I need to identify the "quality" of the user's pronunciation with the help of Microsoft speech SDK (System.Speech.Recognition
). I am using MS Speech Engine - US, so what I actually need is to find out how close the speaker's voice is to the "North American" accent.
One way of doing this is by checking how close the user's voice is to the US English phonetic pronunciation. As mentioned in MSDN, it seems like this process is done inside the speech SDK by it self, so I need to get that out. Since we can set the phonetic to the engine by our selves as well, I am sure this is possible.
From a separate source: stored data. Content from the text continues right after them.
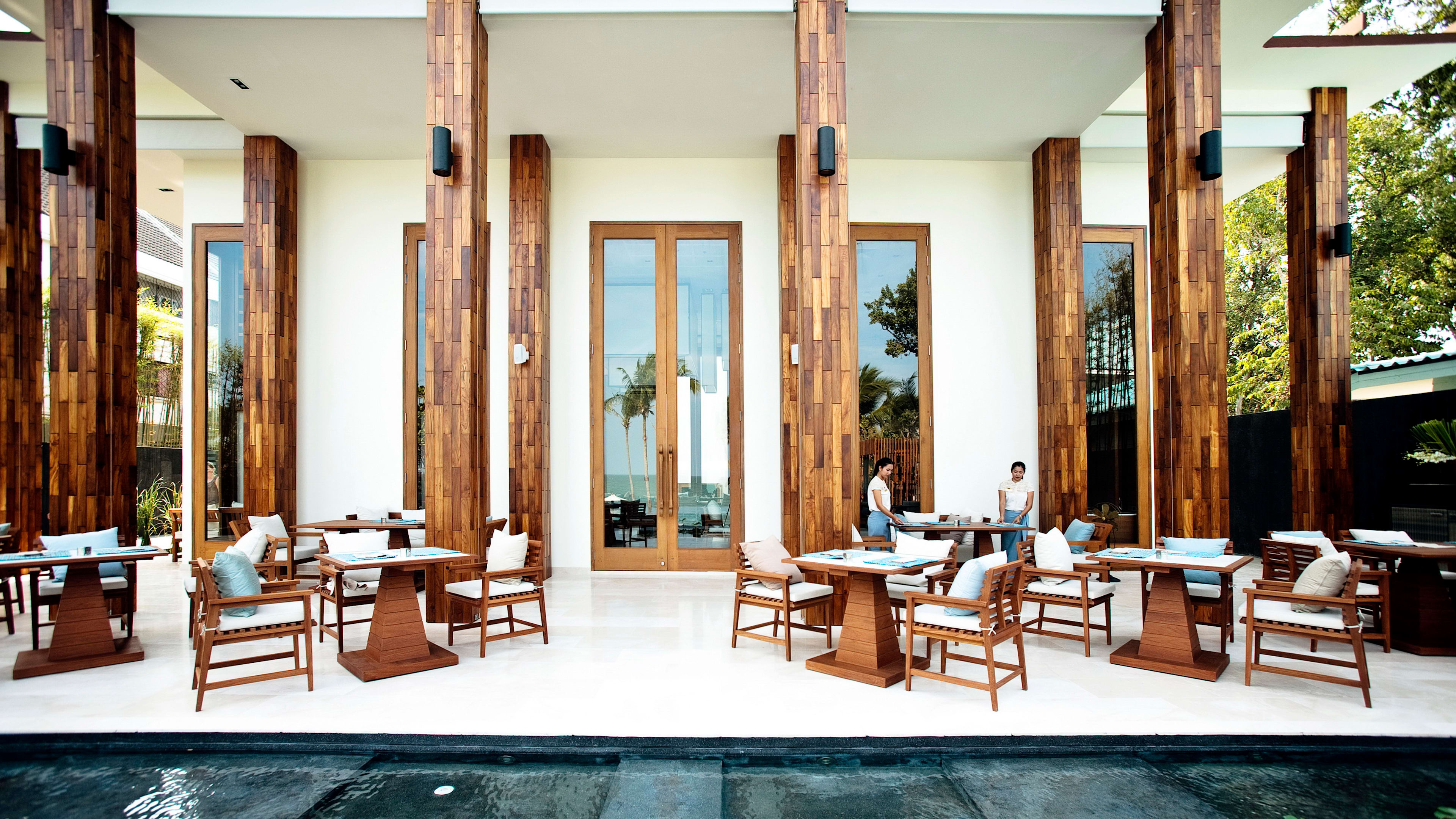 On the terrace, poolside tables come with ocean views, but we also love the tables in the light-filled, glass-sided annexe.
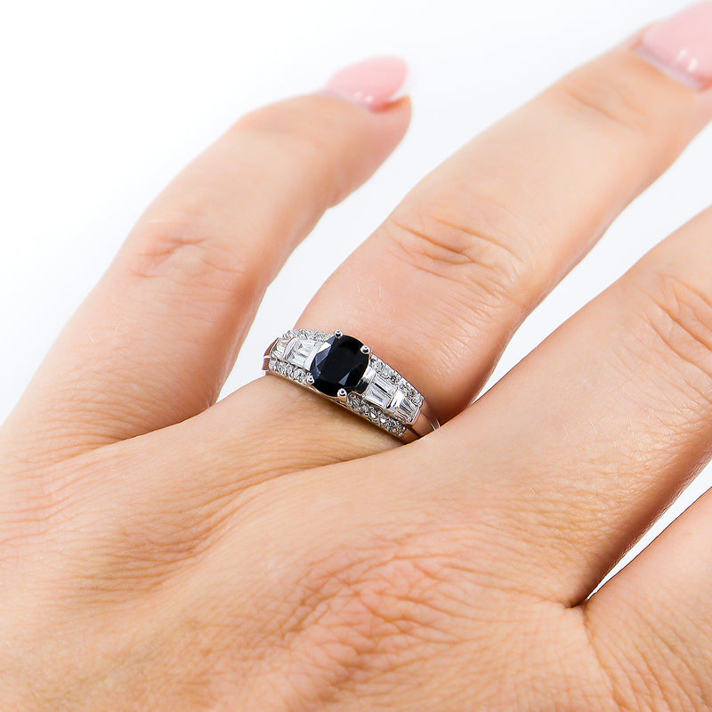 18ct White Gold Oval Sapphire & Diamond Tapered Baguette & Round Brilliant Double Halo Cluster Ring
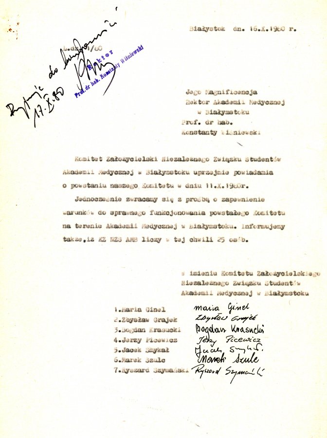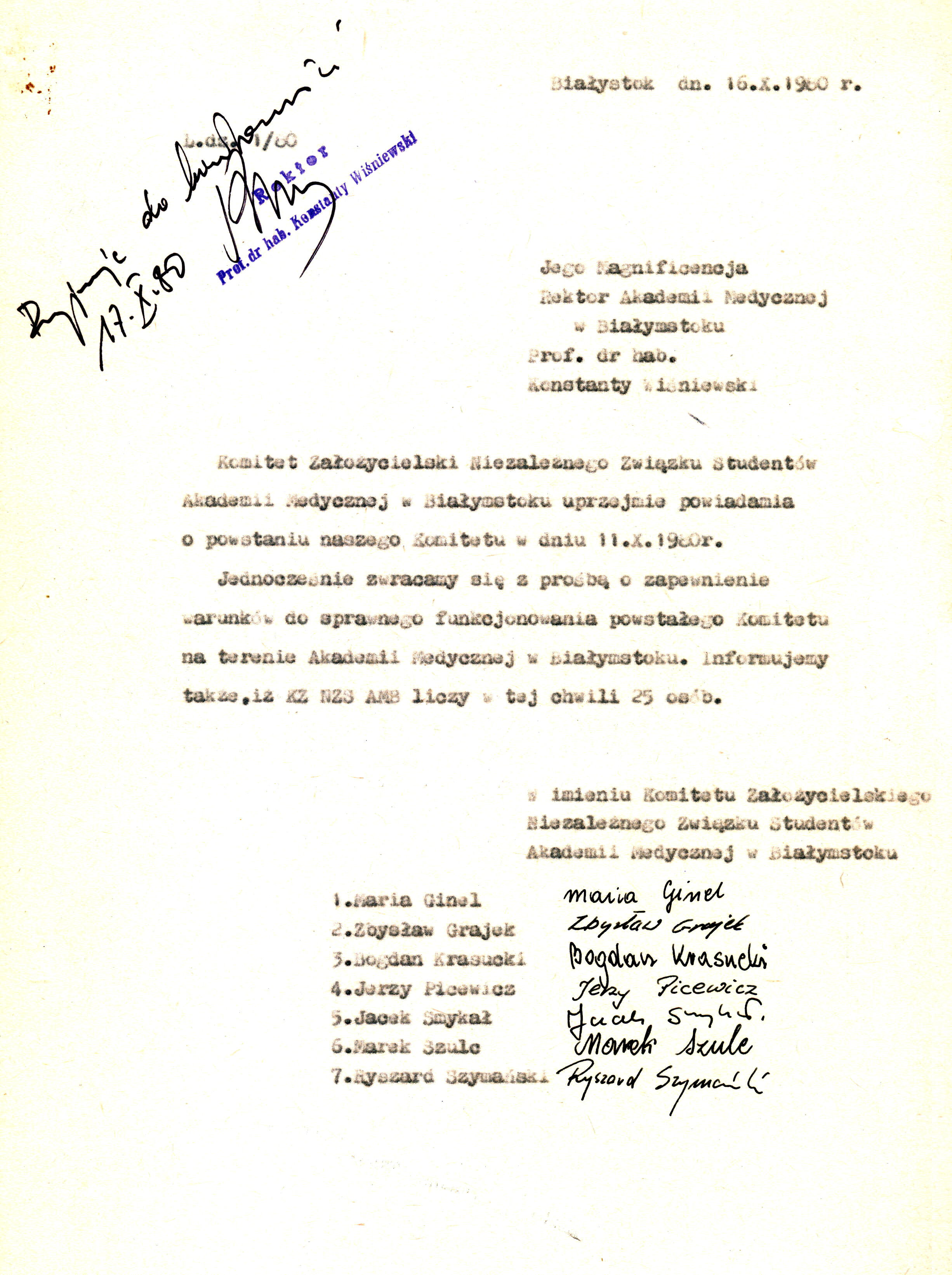 Formalnie Komitet Założycielski NZS AMB powstał 11 października. Zgodnie z ówczesnym prawem, musiał liczyć minimum dziesięć osób. Na całej liście założycielskiej znalazło się 25 studentów. Inicjatorzy założenia NZS-u na naszej uczelni powiadomili rektora. Było to dla nas bardzo ważne. Zawiadamialiśmy, a nie prosiliśmy o zgodę na zorganizowanie zrzeszenia. Olbrzymia zmiana jakościowa. Poczuliśmy się podmiotem, a nie przedmiotem. Pod pismem podpisaliśmy się w kolejności alfabetycznej: Maria Ginel, Zbysław Grajek, Bogdan Krasucki, Jerzy Picewicz, Jacek Smykał, Marek Szulc, Ryszard Szymański. Odbyły się także formalne spotkania z władzami akademii. Przebiegały w spokojnej atmosferze.
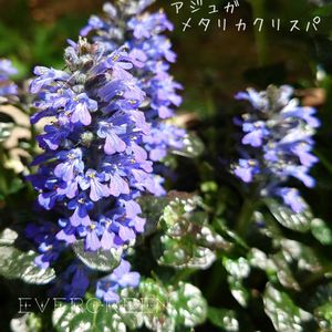 午後から雨の予報が 昨夜も今朝も雨☂️ ①② アジュガ メタリカクリスパ 寄植え予定が 籠にそのまま😅 ③ アジュガ ディクシーチップ トリカラーの葉とか スッキリ立ち上がる花穂が特徴的🎵 ④ 地植え2年目アジュガ 少し遅れて咲き始めました💙
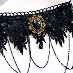 Dolls Kill Delicate Fate Lace Choker the future isn't as clear as you wish. This haunting choker that has a thicc lace construction, draping chain design, large jewel pendant and adjustable clasp closure.
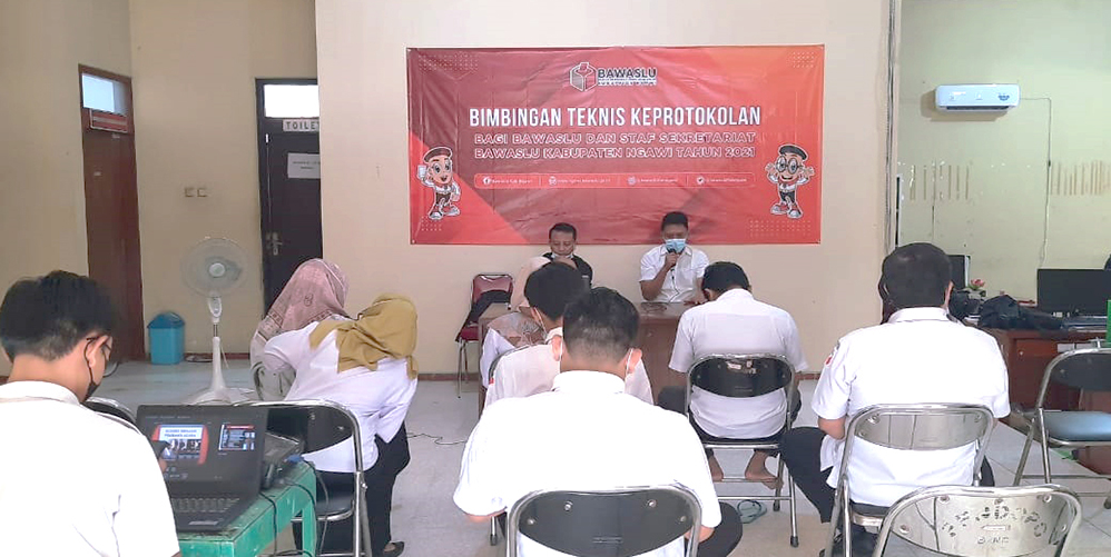 Ngawi.Bawslu Kabupaten Ngawi - Bawaslu Kabupaten Ngawi Hari ini (9/6/2021) mengadakan Bimbingan Teknis ( Bimtek) Keprotokolan Bagi Sekretariat Bawaslu Kabupaten Ngawi.
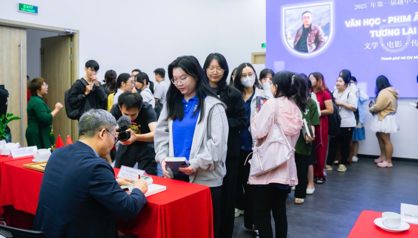 6月26日上午,東西來到胡志明市文朗大學,與越南青年讀者分享作品。他圍繞自己的作品《回響》《耳光響亮》等分享了創(chuàng)作經(jīng)歷與體會,以廣西與越南的文化親緣性舉例,指出這種親近感使作品更容易在越南讀者中引發(fā)共鳴。在現(xiàn)場,東西就文學如何走向世界、如何激發(fā)青年創(chuàng)作興趣、文學教學方法等與大家展開廣泛交流,并為現(xiàn)場書迷簽名。
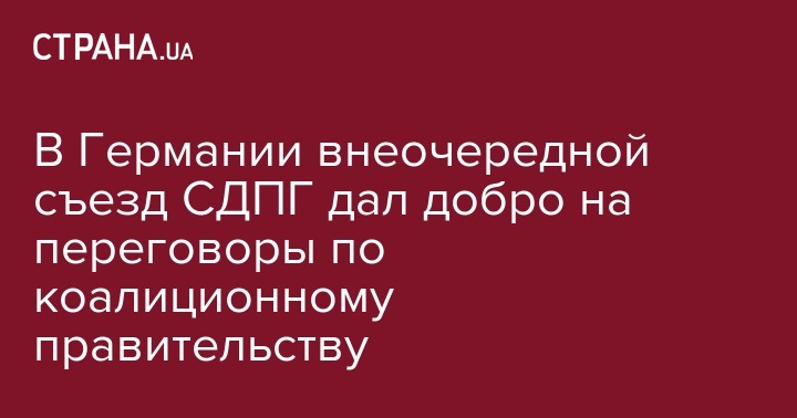 На внеочередном съезде Социал-демократической партии Германии (СДПГ) было решено начать переговоры о создании коалиции с Христианско-демократическим союзом (ХДС) и Христианско-социальным союзом (ХСС).
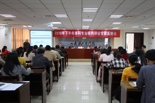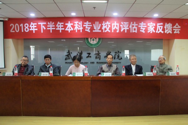 新闻中心讯(记者 陈洁 见习记者 顾晴阳 杜淑霞)为进一步加强专业建设,提高本科专业教学质量,10月18日下午2:30,武汉工商学院2018年下半年本科专业校内评估专家反馈会在第三会议室召开。华中科技大学武金渭教授、宋善德教授、徐兰芳教授,中南民族大学杨清震教授,武汉理工大学林根祥教授,武汉科技大学刘兴重教授组成的评估专家组,以及武汉工商学院校长陈奎生,校党委书记陈伟,副校长夏再兴,学校监评中心主任郭一平,接受评估的6个专业所在学院的院长、副院长、系主任、专职教师等参会。
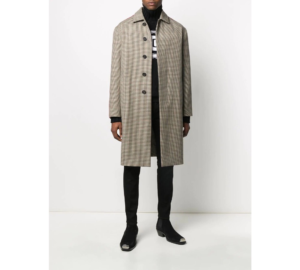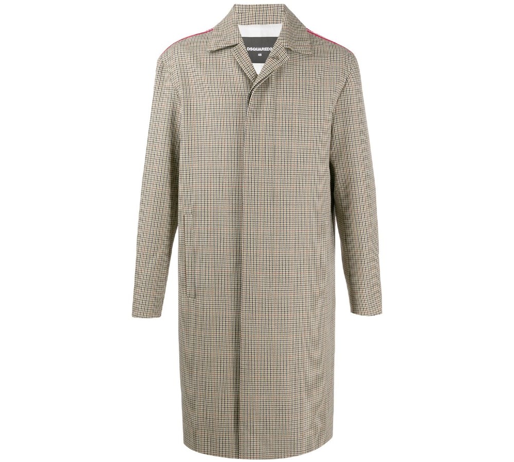 Some things aren’t exactly what they seem. Take this beige, gold-tone and black virgin wool side panelled midi coat from DSQUARED2 for instance, it looks warm and it is warm. Plus classy, never forget that. Featuring a check pattern, a spread collar, a concealed front fastening, long sleeves, two front pockets, a back slit at hem, a straight hem and contrasting red panels to the shoulders with white logo appliqués.

However, I have no clear idea about what I have to do. So, what can I do to find out the quality of the user's pronunciation/How close it is to US North American English phonetic pronunciation? User will only have to speak pre-defined sentences like "Hello World. I am here".
Please help.
UPDATE
I got some kind of "phonemes" (as mentioned in MSDN) by the use of following code
using System;
using System.Collections.Generic;
using System.Linq;
using System.Text;
using System.Speech.Recognition;
using System.Speech.Synthesis;
using System.Windows.Forms;
using System.IO;
namespace US_Speech_Recognizer
{
public class RecognizeSpeech
{
private SpeechRecognitionEngine sEngine; //Speech recognition engine
private SpeechSynthesizer sSpeak; //Speech synthesizer
string text3 = "";
public RecognizeSpeech()
{
//Make the recognizer ready
sEngine = new SpeechRecognitionEngine(new System.Globalization.CultureInfo("en-US"));
//Load grammar
Choices sentences = new Choices();
sentences.Add(new string[] { "I am hungry" });
GrammarBuilder gBuilder = new GrammarBuilder(sentences);
Grammar g = new Grammar(gBuilder);
sEngine.LoadGrammar(g);
//Add a handler
sEngine.SpeechRecognized +=new EventHandler<SpeechRecognizedEventArgs>(sEngine_SpeechRecognized);
sSpeak = new SpeechSynthesizer();
sSpeak.Rate = -2;
//Computer speaks the words to get the phones
Stream stream = new MemoryStream();
sSpeak.SetOutputToWaveStream(stream);
sSpeak.Speak("I was hungry");
stream.Position = 0;
sSpeak.SetOutputToNull();
//Configure the recognizer to stream
sEngine.SetInputToWaveStream(stream);
sEngine.RecognizeAsync(RecognizeMode.Single);
}
//Start the speech recognition task
private void sEngine_SpeechRecognized(object sender, SpeechRecognizedEventArgs e)
{
string text = "";
if (e.Result.Text == "I am hungry")
{
foreach (RecognizedWordUnit wordUnit in e.Result.Words)
{
text = text + wordUnit.Pronunciation + "\n";
}
MessageBox.Show(e.Result.Text + "\n" + text);
}
}
}
}
This is the direct code snippet related to the phonemes (extracted from the above code)
//Start the speech recognition task
private void sEngine_SpeechRecognized(object sender, SpeechRecognizedEventArgs e)
{
string text = "";
if (e.Result.Text == "I am hungry")
{
foreach (RecognizedWordUnit wordUnit in e.Result.Words)
{
text = text + wordUnit.Pronunciation + "\n";
}
MessageBox.Show(e.Result.Text + "\n" + text);
}
}
Following is my output. The phonemes I got are displayed starting from the second line. First line simply shows the recognized sentence
So, please tell me, according to the MSDN this is "phonemes". So, is this is the "phonemes" actually? I have never seen these, that is why.
above code is done according to this link http://msdn.microsoft.com/en-us/library/microsoft.speech.recognition.srgsgrammar.srgstoken.pronunciation(v=office.14).aspx
Ok, here's how I'd approach the problem.
First, load up the dictation engine with the Pronunciation topic, which will return the phonemes spoken by the user (in the Recognition event).
Second, get the reference phonemes for the word using the ISpEnginePronunciation::GetPronunciations method (as I outlined here).
Once you have the two sets of phonemes, you can compare them. Essentially, the phonemes are separated by spaces, and each phoneme is represented by a short tag (described in the American English Phoneme Representation spec).
Given this, you should be able to compute a score by comparing the phonemes by any number of approximate string matching schemes (e.g., Levenshtein distance).
You might find the problem simpler by comparing phone IDs rather than strings; ISpPhoneConverter::PhoneToId can convert the phoneme strings to an array of phoneIDs, one ID per phoneme. That would give you a pair of null-terminated integer arrays, perhaps better suited for your comparison algorithm.
You could use the engine confidence to penalize matches, as low engine confidence indicates that the incoming audio doesn't closely match the engine's idea of the phoneme.